Apostrophes: A Book of Tributes to Masters of Music
- Author: Alfred Kreymborg
- Language: English
- Genre: Music
- Publisher: Grafton Press
- Publication date: 1910
- Publication place: United States

= Apostrophes: A Book of Tributes to Masters of Music =

1910 music book by Alfred Kreymborg

Apostrophes: A Book of Tributes to Masters of Music is a book written by Alfred Kreymborg and published by The Grafton Press, New York, in 1910. It is a slim volume (with no page numbers), and comprises a series of short somewhat 'poetic' paragraphs addressed to various great composers. There is an introductory apostrophe To Music, and then sections on the following composers: Giovanni Pierluigi da Palestrina, Henry Purcell, Christoph Willibald Gluck, Wolfgang Amadeus Mozart, Johann Sebastian Bach, Joseph Haydn, Ludwig van Beethoven, Franz Schubert, Hector Berlioz, Felix Mendelssohn, Frédéric Chopin, Robert Schumann, Franz Liszt, Richard Wagner, Giuseppe Verdi, Robert Franz, Johannes Brahms, Georges Bizet, Pyotr Ilyich Tchaikovsky, Antonín Dvořák, Edvard Grieg, Vincent d'Indy, Edward MacDowell, Claude Debussy, and Richard Strauss.

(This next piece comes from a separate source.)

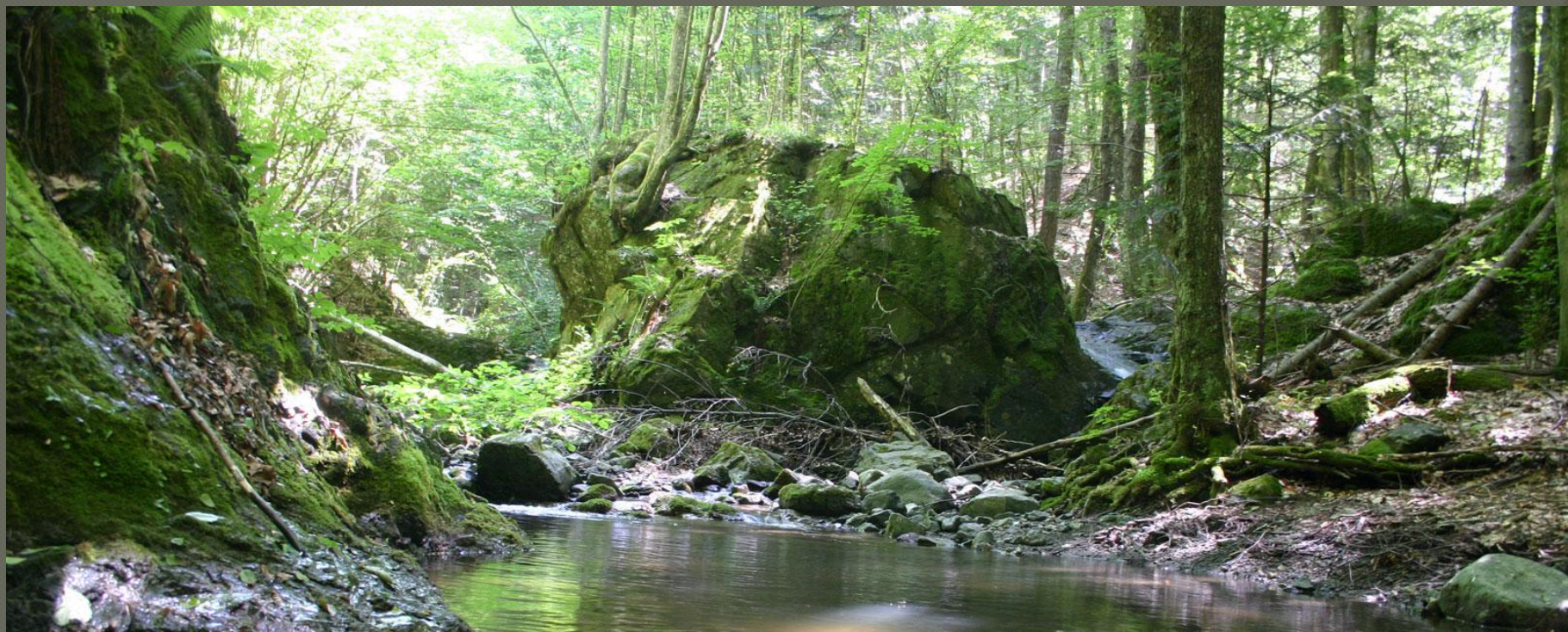
Národný park Kozar

Kreymborg wrote the book while he worked at Aeolian Hall on Fifth Avenue. In his autobiography, Troubador, he describes how he came to write the book; he refers to himself in the third person: "He actually dreamed of writing books of his own and carried the desire to the point of struggling, almost at the outset, with a humble work on the four huge symphonies of Brahms. In retrospect, it looked like a few drops of ink in the sea and he destroyed it. Then he tried the other extreme and evolved a series of paragraphs, concise, restrained and reverent. These prose poems to composers, moving from Palestrina to Debussy, he entitled Apostrophes."

==Reception==
The Musical Courier called the book "a well-made and feeling little volume, containing many truths framed in beautiful and enthusiastic rhetorical imagery". The Etude said it would be "a nice little gift book to give to any musical person who is not above being sentimental in his appreciation of musicians". In a positive review, The Boston Globe said the book "will appeal to the affectionate interest of music-lovers" and has "25 brief and charmingly graceful tributes to masters of music".